With the Yanks and Baltimore both winnng, we are now 10.5 games back from the division lead, and 6.5 games back from the wildcard.
Only Detroit has a worse record than we do. Although, to be fair, we're clustered with 2 or 3 games of 5 AL teams. Given the two games against the Braves, a sweep would be fantastic (and not impossible.)
After @ATL (2), we face:
@ TEX (3)
HOU (3)
SEA (4)
@ CWS (3)
BAL (5)
CIN (2)
All of these are sub .500 teams, except HOU. 22 games total.
So if you were going to design a schedule for a struggling team to get back on track with, before facing more AL East opponents, this would be it.
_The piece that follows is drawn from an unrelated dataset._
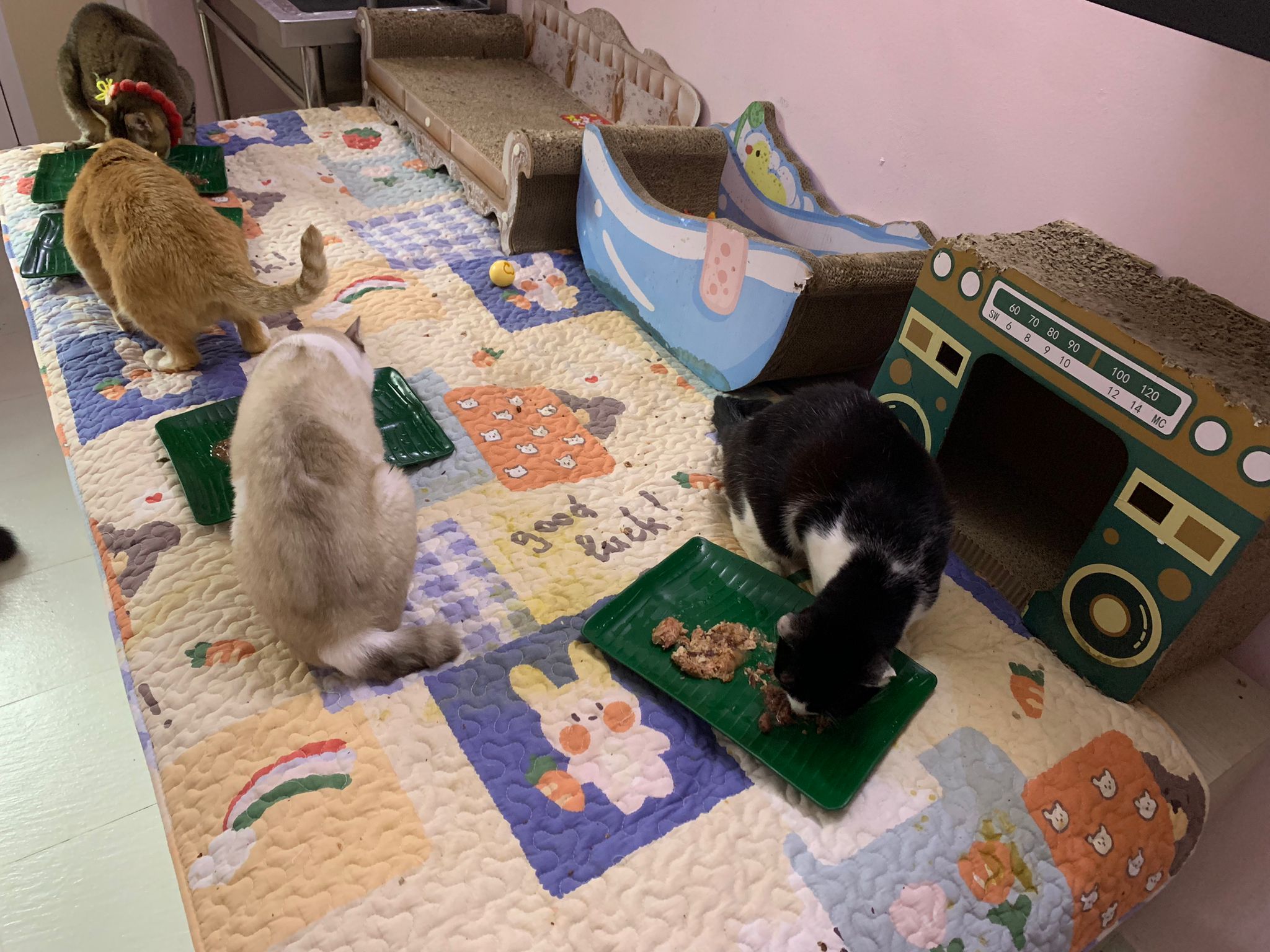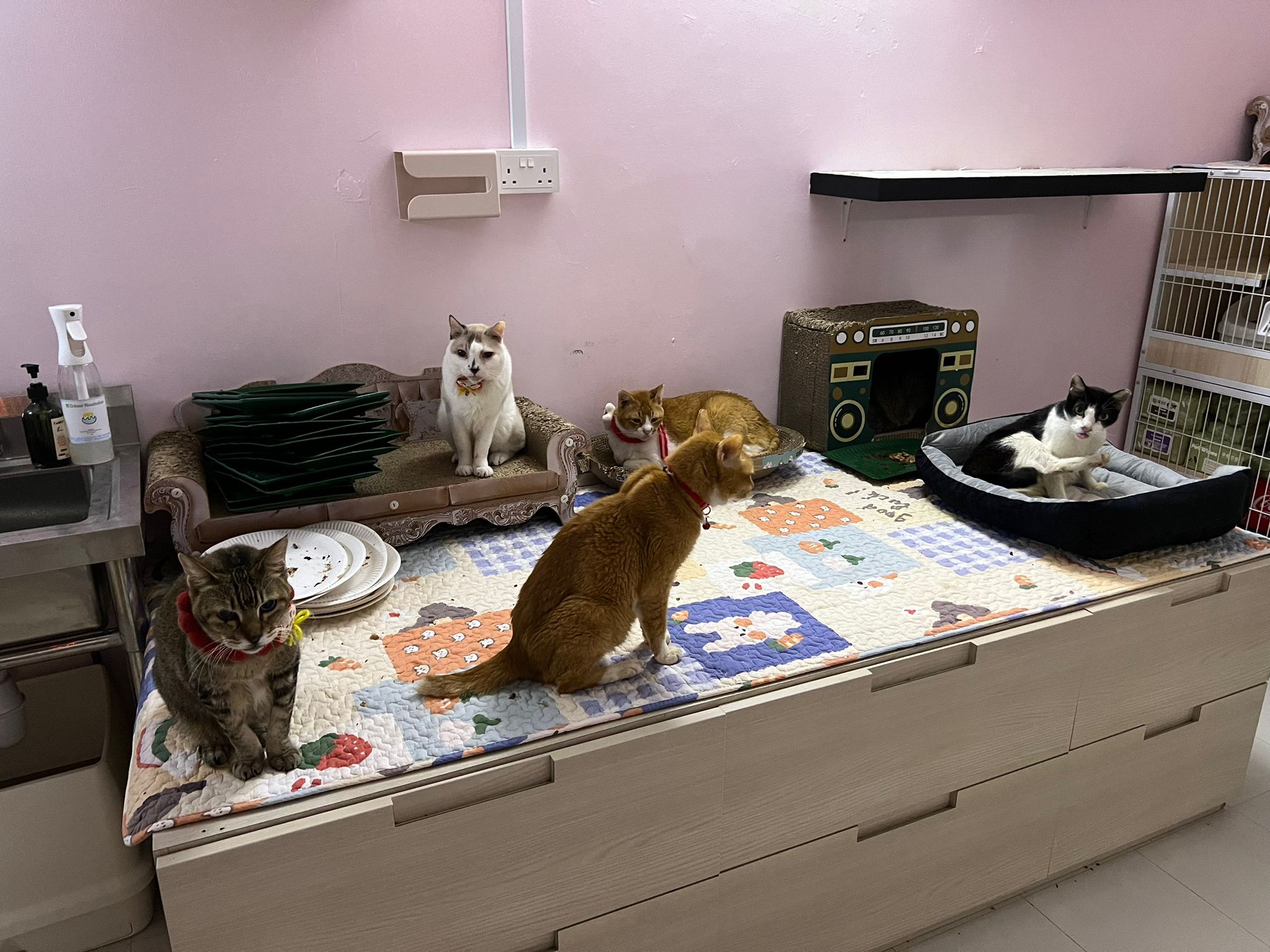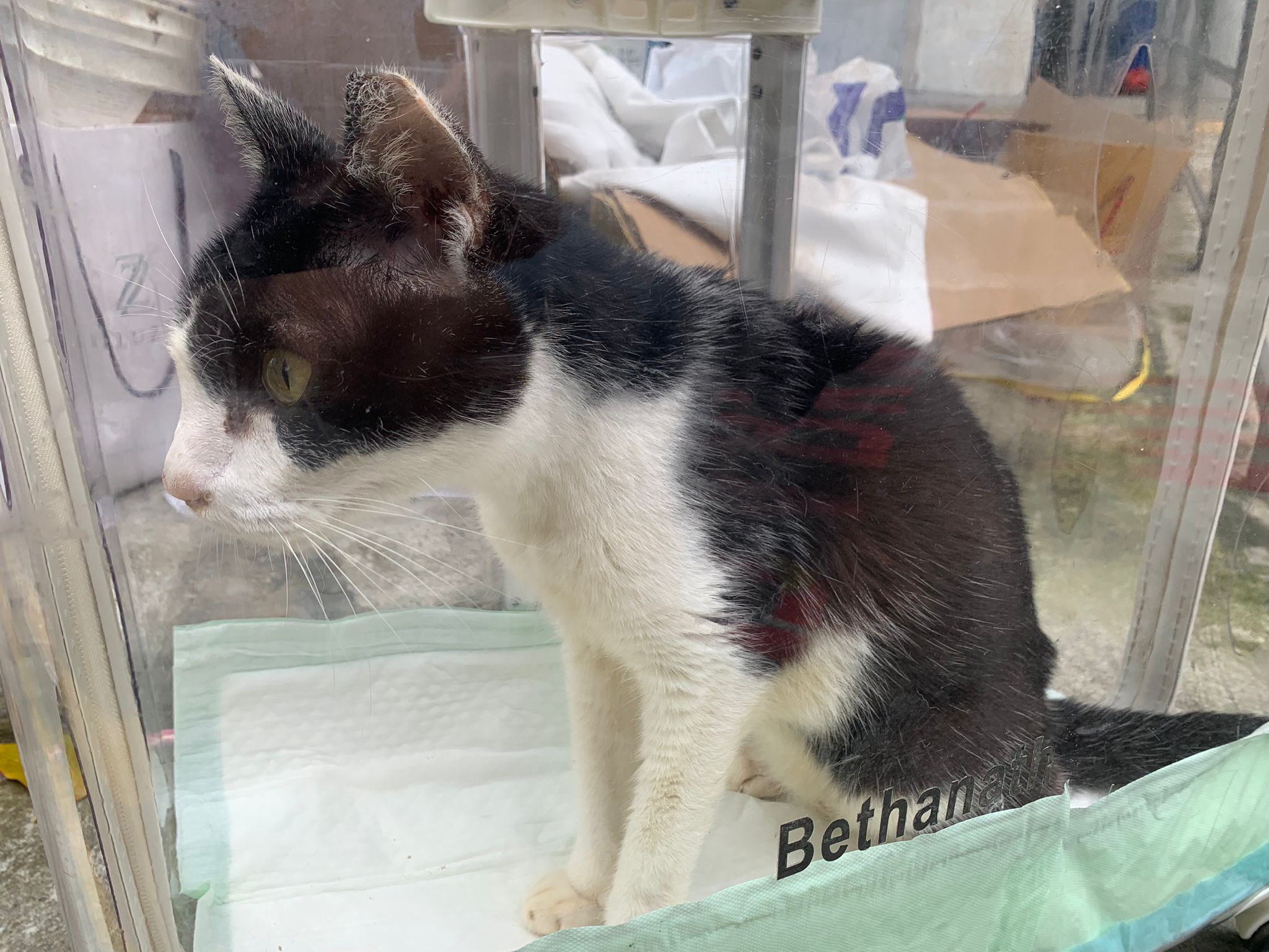12.40pm: back to 猫房 4G, I open carrier box n I go prepare his bed in cage.

The Sox are currently 10-19. To get to .500 (ish), they'd need to go 15-6. But if they blow the ATL series, they'd have to go 17-4 the rest of the way.
If they bumble to a .500 (ish) record agains these teams, and we hit the game 50 (ish) zone with a record of 22-30. . .I think they're likely done, regardless of the quality of play and individual player-performance renaissances we may see.
Of those potential renaissances, the hitting would have to get unstuck somhow, and there's a bit of fungibility there. Hernandez/whomever and Story/whomever need to provide a strong 1-5 at minimum. As far as pitching, we'd have to assume Sale and/or Paxton would be available and competent in a summer-run. But to get there, we really need the good Pivetta going forward. Barnes coming around would be nice but not necessary. . .with the cavet that like JBJ, Franchy, Dalbec, etc. the team can only carry X number of "high upside reclaimation projects" at any given time. And right now, they're carryng too many.